Another simple corollary - because V(U(0,1)) is equal to 1/12, then summing twelve U(0,1) will not require any multipliers

G(0,1) = Sum_1^12 U(0,1) - 6

is actually often cited in some old sampling recipes books/papers.

You might also want to take a look at related Irwin-Hall distribution and Bates distribution

UPDATE

I've thought about some simplification of the approach. Suppose we want to sum even number of U(0,1), so n=2m. Again, talking about G(0,1) as an approximation for N(0,1)

G(0,1) = (Sum_1^2m U(0,1) - m ) / sqrt(m/6)

Let's rewrite it as

G(0,1) = (Sum_1^m U(0,1) - (m - Sum_1^m U(0,1)))/sqrt(m/6) =
       = (Sum_1^m U(0,1) - Sum_1^m(1 - U(0,1)))/sqrt(m/6)

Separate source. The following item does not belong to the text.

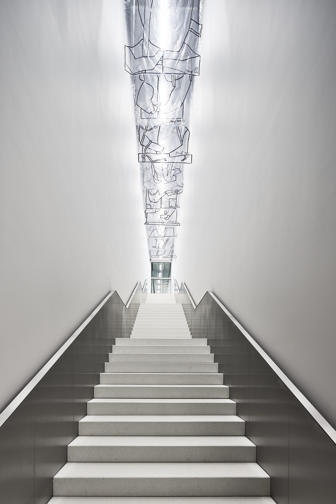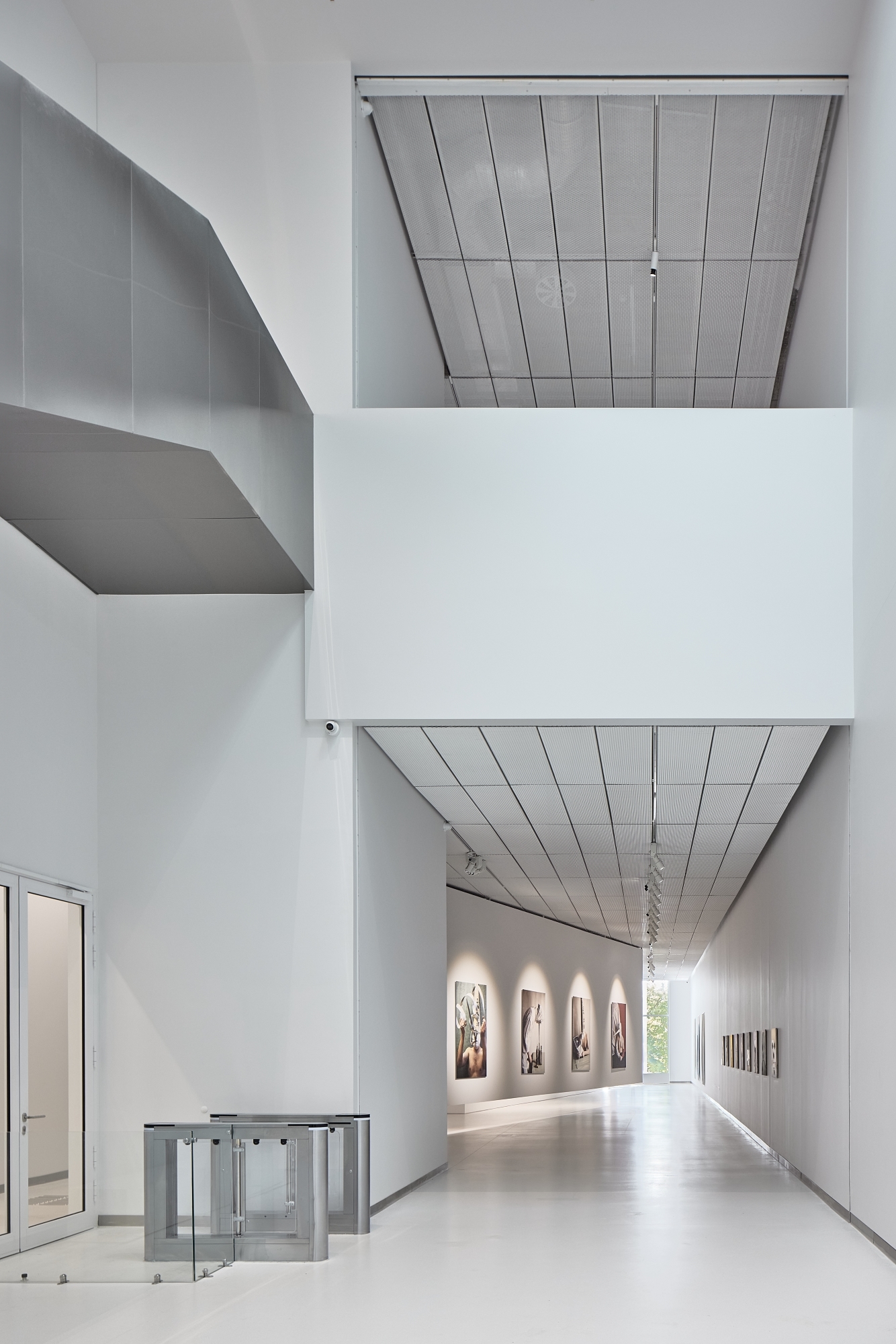 Indoors, the lighting unfolds through a layered harmony: primary illumination is provided by industrial linear fixtures concealed beneath a suspended metal-mesh ceiling. This creates a subtle, even glow, a calm yet rich luminous environment. Complementing this, track-mounted spot lights within exhibition spaces are deployed with care to accentuate artworks—each beam focusing on art pieces without overpowering them.

Due to the fact, that 1 - U(0,1) has the same distribution as U(0,1) we could write G(0,1) in symmetric form

G(0,1) = (Sum_1^m U(0,1) - Sum_1^m U(0,1))/sqrt(m/6) =
       = Sum_1^m (U(0,1) - U(0,1)) / sqrt(m/6)


回答2:

If you use Python, you can use the [numpy][1] library

import numpy
numpy.random.randn()


回答3:

Standard deviation is defined as follows:

where you iterate over N values, which are represented as xi, and use the mean value (xbar). Some JavaScript pseudocode would look like:

var values = [...];
for(var i = 0, var mean; i < values.length; i++) {
   mean += values[i];
}
mean /= values.length;
for(var i = 0, var standardDev; i < values.length) {
   standardDev += Math.pow(values[i] - mean, 2);
}
standardDev = Math.sqrt(standardDev / (values.length - 1));

Theoretically, a good RNG should deviate in a very flat manner, indicating an equal possibility across all values on the RNG's range.